Cultivated garlic (Allium sativum L.) is a vegetatively propagated plant due to its sexual sterility. This characteristic limits the breeding of the species to clonal selection. Tissue culture and genetic transformation techniques have been shown to be efficient tools for the breeding of many crops and could be especially useful in the future improvement of this “genetically-closed” plant.

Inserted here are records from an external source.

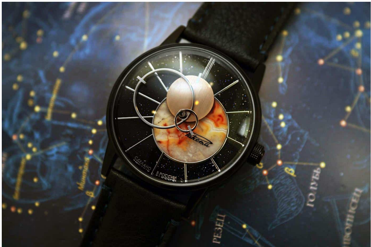
Copernicus Limited Edition (2021)
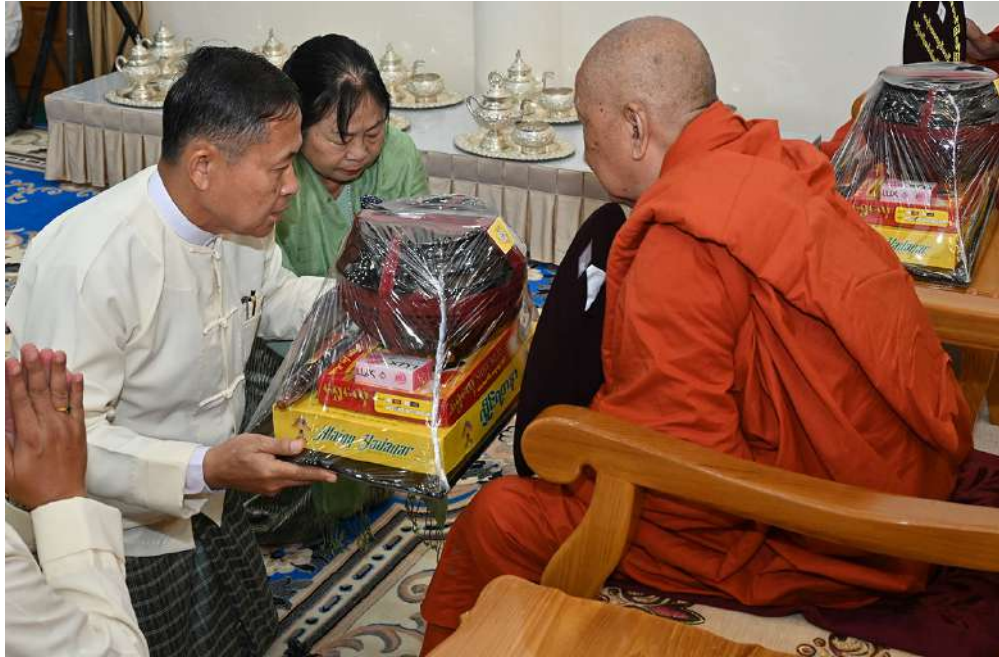
လယ်ဝေးမြို့ အင်းသာအရှေ့ကျောင်းတိုက်ဆရာတော် အဘိဓဇအဂ္ဂမဟာသဒ္ဓမ္မဇောတိက ဘဒ္ဒန္တပဏ္ဍိတထံ နိုင်ငံတော်စီမံအုပ်ချုပ်ရေးကောင်စီ ဒုတိယဥက္ကဋ္ဌ ဒုတိယဝန်ကြီးချုပ် ဒုတိယဗိုလ်ချုပ်မှူးကြီးစိုးဝင်းနှင့်ဇနီး ဒေါ်သန်းသန်းနွယ်တို့က ကထိန်သင်္ကန်းနှင့် လှူဖွယ်ပစ္စည်းများ ဆက်ကပ်လှူဒါန်းစဉ်။
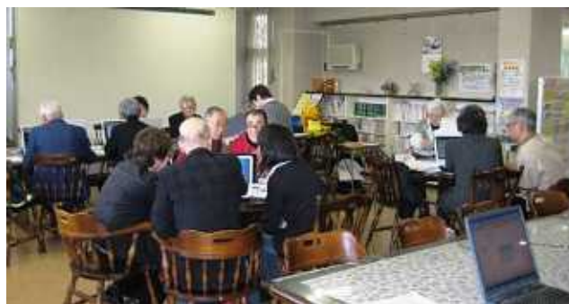
第一回パソコン教室の様子

講習形式：個別指導 事前予約は不要です (多人数を対象とした講義形式ではありません)
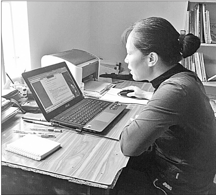
Nhân viên các cơ quan, đơn vị làm việc từ xa khiến nhu cầu sử dụng laptop tăng cao
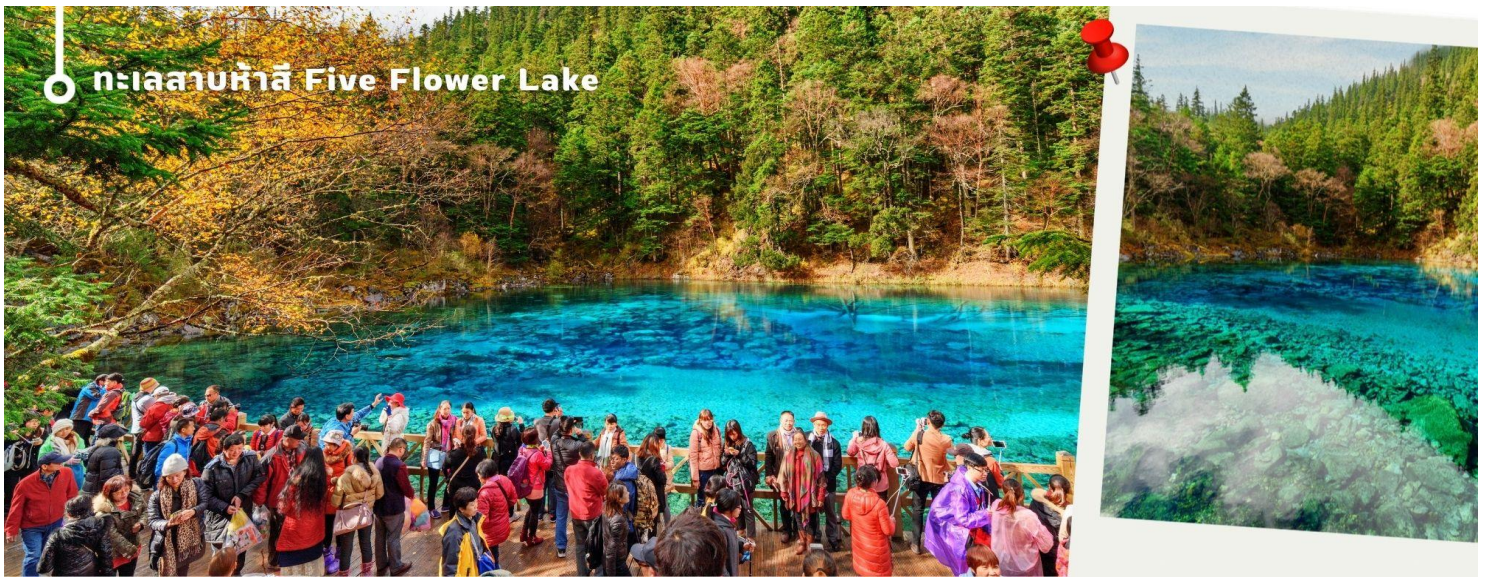
ทะเลสาบห้าสี Five Flower Lake

หนึ่งในจุดที่สวยงามและนักท่องเที่ยวแวะมาเยี่ยมชมเยอะที่สุด ตั้งอยู่ที่ความสูงเหนือระดับน้ำทะเลประมาณ 2,472 เมตร น้ำลึกประมาณ 5 เมตร น้ำใสมองเห็นพื้นด้านล่างของทะเลสาบ สีของผิวน้ำสวยงามแปลกตา โดยเฉพาะเมื่อยามแสงอาทิตย์สาดส่องกระทบผิวน้ำ สีของน้ำในทะเลสาบจะสะท้อนเป็นสีส้มถึง 5 เฉดสี สวยงามสะกดตา ซึ่งสาเหตุที่ทำให้เกิดสีสันต่างๆ นี้มาจากการสะสมของแร่ธาตุ และพืชน้ำชนิดต่างๆ โดยจะมีสีสันแตกต่างกันไปตามฤดูกาลและช่วงเวลา ยิ่งถ้ามาในช่วงฤดูหนาว ต้นไม้ริมทะเลสาบจะเต็มไปด้วยหิมะสีขาวตัดกับสีของทะเลสาบ ดูสวยงามแปลกตา
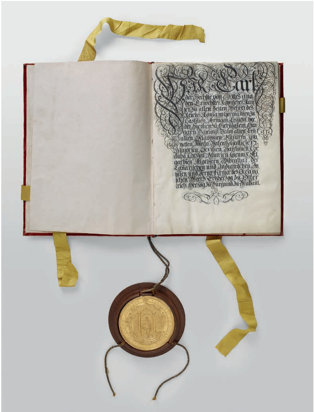
Kaiser Karl VI. vereinigt am 23. Januar 1719 die Grafschaft Vaduz und die Herrschaft Schellenberg und erhebt sie zu einem reichsunmittelbaren Fürstentum mit dem Namens „Liechtenstein“. Ausf. Wien, 1719 Januar 23, AT-HAL, U
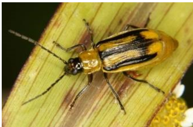
Slika 13. Diabrotica virgifera virgifera

Kukuruzna zlatica spada u jedne od ekonomski značajnih štetnika u Americi. U Europi je otkrivena 1992. godine u Srbiji i od tada se proširila po Europi u devetnaest zemalja (Ivezić, 2008.). U Hrvatskoj je prvi puta zabilježena 1995. godine u okolici Županje. Kukuruzna zlatica je kornjaš duguljastog tijela dug 5-6 mm. Pokrilje je žute boje s crnim prugama na hrptu (ženka) ili gotovo potpuno crno (mužjak). Ticala su duga i nitasta. Noge su tamne sa žutim dijelovima. Ličinka se hrani na korijenu kukuruza. Žučkastobijele je boje s tamnom glavom. Naraste do 15 mm (slika 13.).
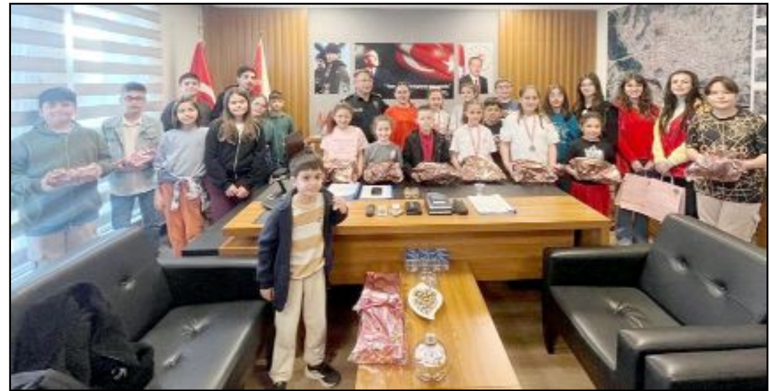
Osmançık'ta emniyet görevlilerinin çocuklarına yönelik Floor Curling turnuvası düzenlendi.

Unutmayalım: Küresel efendiler her zaman vardır. Ama yerel itaat, tarihsel bir yazgı değil, siyasi bir tercihtir.
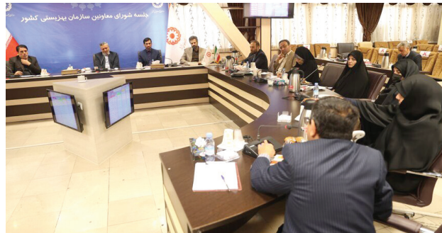
▲ برگزاری جلسه شورای معاونین سازمان بهزیستی با حضور وزیر تعاون، کار و رفاه اجتماعی
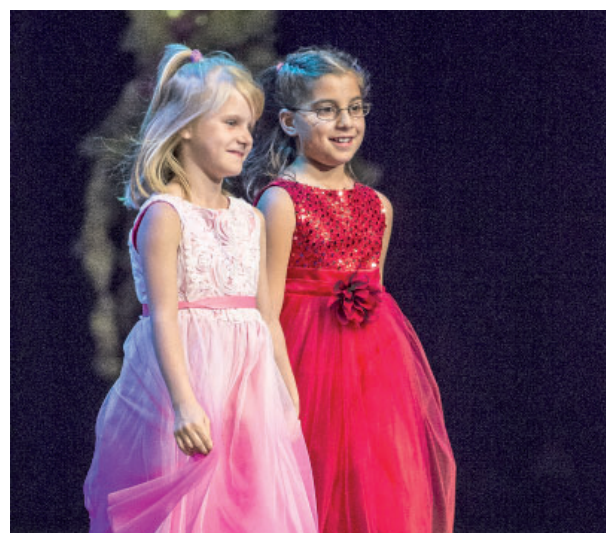
Na přehlídkách svatebního salonu Delta bývají často modelkami holčičky a dívky z dětského domova a Klokánku.
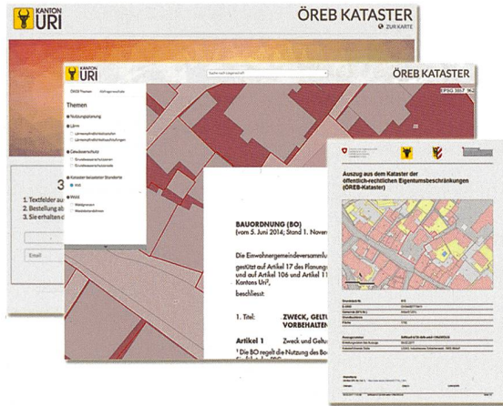
Abb. 2: Prototyp des kantonalen ÖREB-Katasterportals und Prototyp eines ÖREB-Katasterauszugs

Der Zugangsfokus im ÖREB-Katasterportal ist gemäss den Anforderungen des Bundes auf die Suche nach einer Parzelle (ergänzt um Lokalitäten wie Adresse etc.) ausgerichtet. Im Portal werden die Geobasisdaten und die Rechtsvorschriften zusammen mit den Beschlüssen, bezogen auf die ausgewählte Parzelle, zugänglich gemacht. Zusätzlich kann der Auszug aus dem ÖREB-Kataster direkt generiert werden. Projektierte ÖREB-Katasterdaten können optional dazu geschaltet werden.
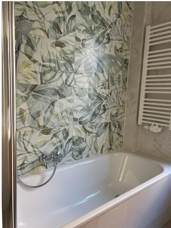
Bad Ansicht 2
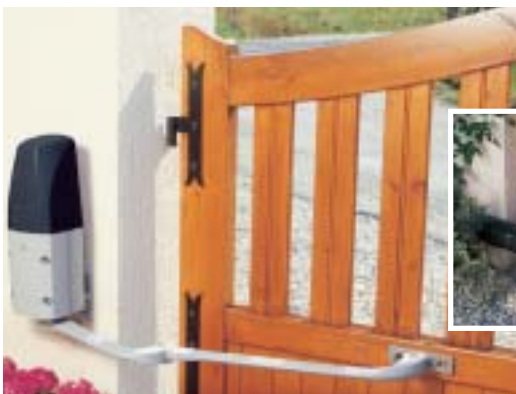
Motorisation à bras articulé pour portail battant

L'alimentation solaire permet au système de fonctionner en totale autonomie : idéal si votre portail est éloigné de votre habitation ou si vous souhaitez préserver vos aménagements extérieurs. En cas de nécessité, une réserve d'énergie permet d'effectuer une cinquantaine de manœuvres.

Typical garlic in vitro regeneration systems described in the literature include the classical two separate steps: a callus formation phase and a regeneration phase. These culture stages occur normally in different media. Moreover, callus induction usually occurs in the dark, while the subsequent regeneration phase takes place in the light. While garlic shoot regeneration from callus has been reported using several explant sources—young leaves (Nagasawa and Finer 1988), shoot tips (Kehr and Schaeffer 1976), basal plates (Koch et al. 1995) and flower organs (Suh and Park 1993)—root tips have shown to be the most advantageous explant to be used in a regeneration system (Haque et al. 1997; Myers and Simon 1998; Barandiaran et al. 1999a, 1999b; Robledo-Paz et al. 2000).

On the other hand, organogenic ability in garlic is dependent on the duration of the callus phase, especially if the medium contains 2,4-D (Novak 1980). In older cultures, regeneration level decreases and there is an increasing occurrence of abnormal plants. Consequently, regeneration through a system including a short or null callus stage is desirable to allow rapid regeneration, thereby avoiding genetic instability. In this way, Haque et al. (1997) regenerated plantlets by direct shoot bud organogenesis from root tips using the garlic cultivar White Roppen.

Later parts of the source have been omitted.